Understanding the properties of matter under extreme densities, temperatures and pressures has emerged as a highly active frontier at the interface of plasma and solid state physics, quantum chemistry and material science. In nature, such warm dense matter (WDM) abounds in a number of astrophysical objects including giant planet interiors, brown and white dwarf, and the outer layer of neutron stars. On Earth, WDM plays an increasingly important role for material science, synthesis and discovery. A particularly exciting application is given by inertial confinement fusion, where, during the initial stage of the compression path, both the fusion fuel and the surrounding ablator material have to traverse the WDM regime in a controlled way to reach ignition.

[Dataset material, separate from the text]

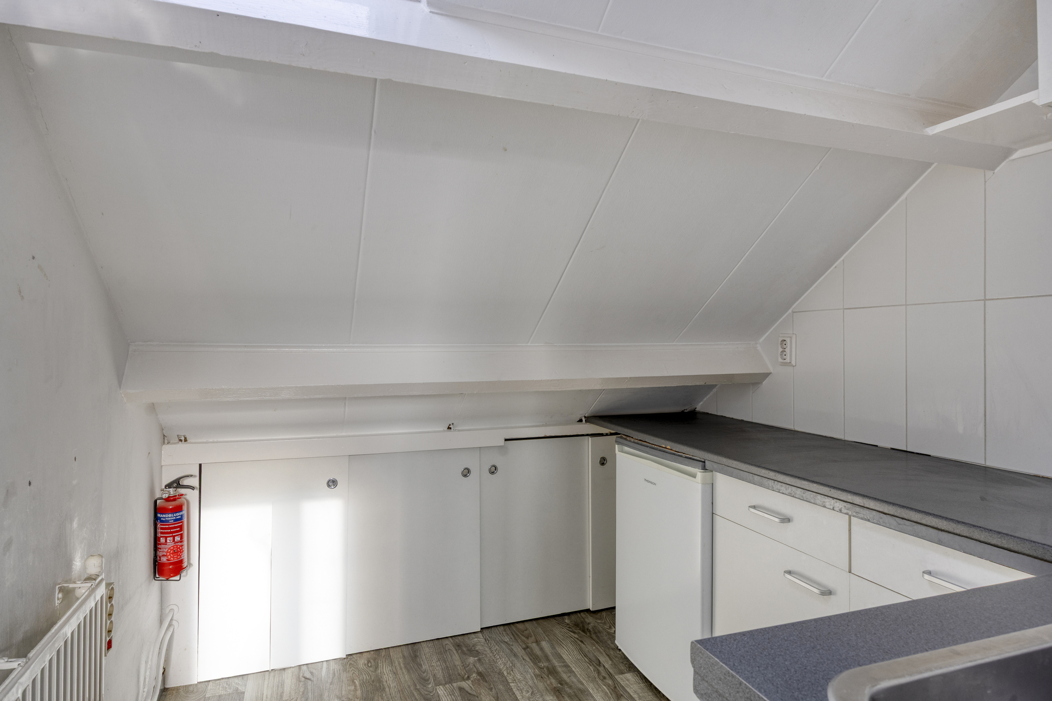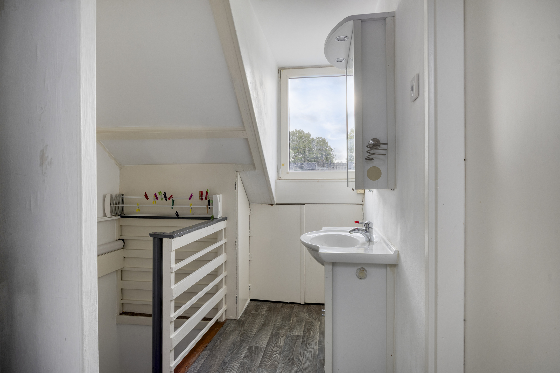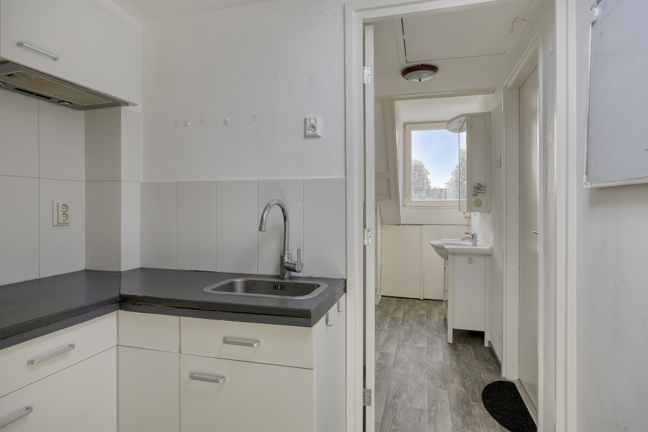 Op de voorzolder heeft men een wastafelmeubel geplaatst en ook is er een keukenblokje aanwezig.

From a theoretical perspective, the rigorous description of WDM constitutes a most formidable challenge as it must holistically treat the complex interplay of effects such as Coulomb coupling, quantum degeneracy, strong thermal excitation, and partial ionization. This is difficult even for state-of-the-art density functional theory simulations, which require external input in the form of the electronic exchange-correlation (XC) functional. While the accuracy of various XC-functional approximations is reasonably well understood at ambient conditions, the development of explicitly thermal XC-functionals that consistently take into account temperature effects remains in its infancy. In addition, novel developments are hampered by the almost complete absence of reliable benchmark data.
Within PREXTREME, we aim to fundamentally change this unsatisfactory situation by developing cutting-edge path integral Monte Carlo (PIMC) simulations. The key strength of the PIMC method is that it is a) approximation-free and b) does not require any empirical external input. The main limitation is the notorious fermion sign problem---an exponential computational bottleneck that poses great practical limitations within physics, quantum chemistry, and increasingly also material science and computational biology. PREXTREME will first push the boundaries of existing PIMC methodologies to obtain the first exact simulation results for a number of light elements over substantial parts of the relevant WDM parameter space; in addition to being very interesting in their own right, these simulation results will also constitute invaluable benchmark data for commonly used theoretical models and approximations. Finally, we aim to develop a controlled, systematic and fundamental solution to the fermion sign problem by combining PIMC with modern machine-learning techniques. The resulting sign-problem free PIMC implementation will be made openly available and has the potential to be a true game changer for the simulation of quantum many-body systems in a plethora of research fields.